_Raw data_.
/---
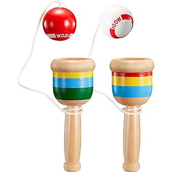 2-piece Jack Games Paddle Ball String Cup And Ball Games Mini Wood Catch Cup, Hand-eye Coordinate Ball Catch Cup
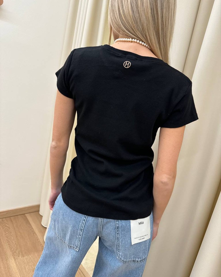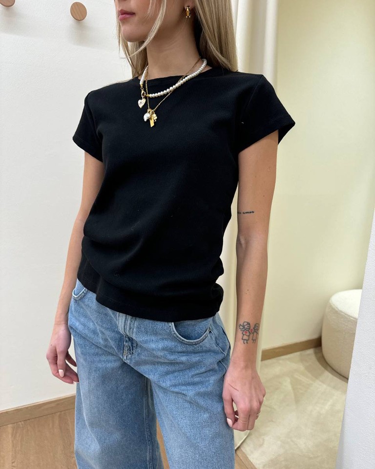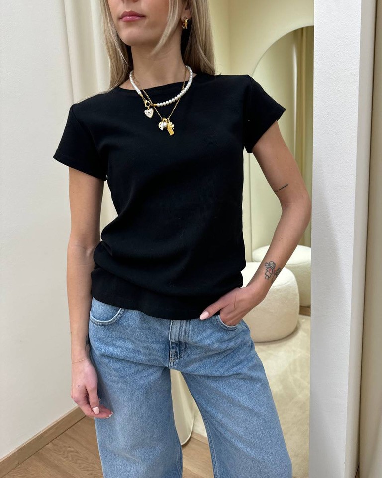 T-shirt a costine nera. Modello a mezze maniche, girocollo. Vestibilità regolare elasticizzata.
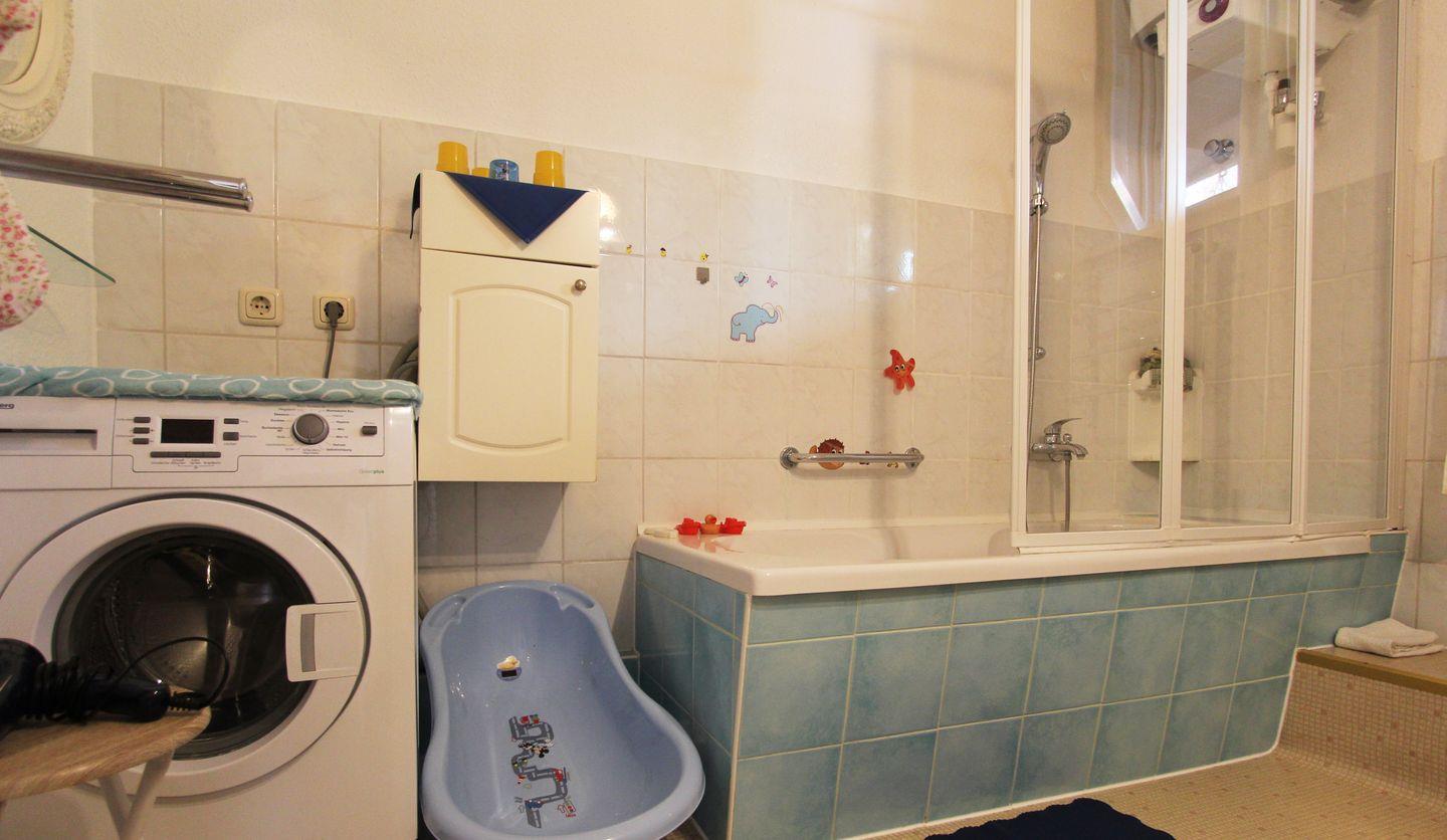 Das Badezimmer ist mit einer Badewanne samt Duschmöglichkeit, Waschbecken, WC, Haartrockner, Fenster, großen Spiegeln sowie Kosmetikspiegel ausgestattet. So beginnt und endet jeder Tag mit Komfort und Funktionalität.
\---
Copy out, unchanged, the span of lines beginning with the one that includes "T-shirt a costine" and running through the final line of the material above. Leave the pictures out.

 T-shirt a costine nera. Modello a mezze maniche, girocollo. Vestibilità regolare elasticizzata.
 Das Badezimmer ist mit einer Badewanne samt Duschmöglichkeit, Waschbecken, WC, Haartrockner, Fenster, großen Spiegeln sowie Kosmetikspiegel ausgestattet. So beginnt und endet jeder Tag mit Komfort und Funktionalität.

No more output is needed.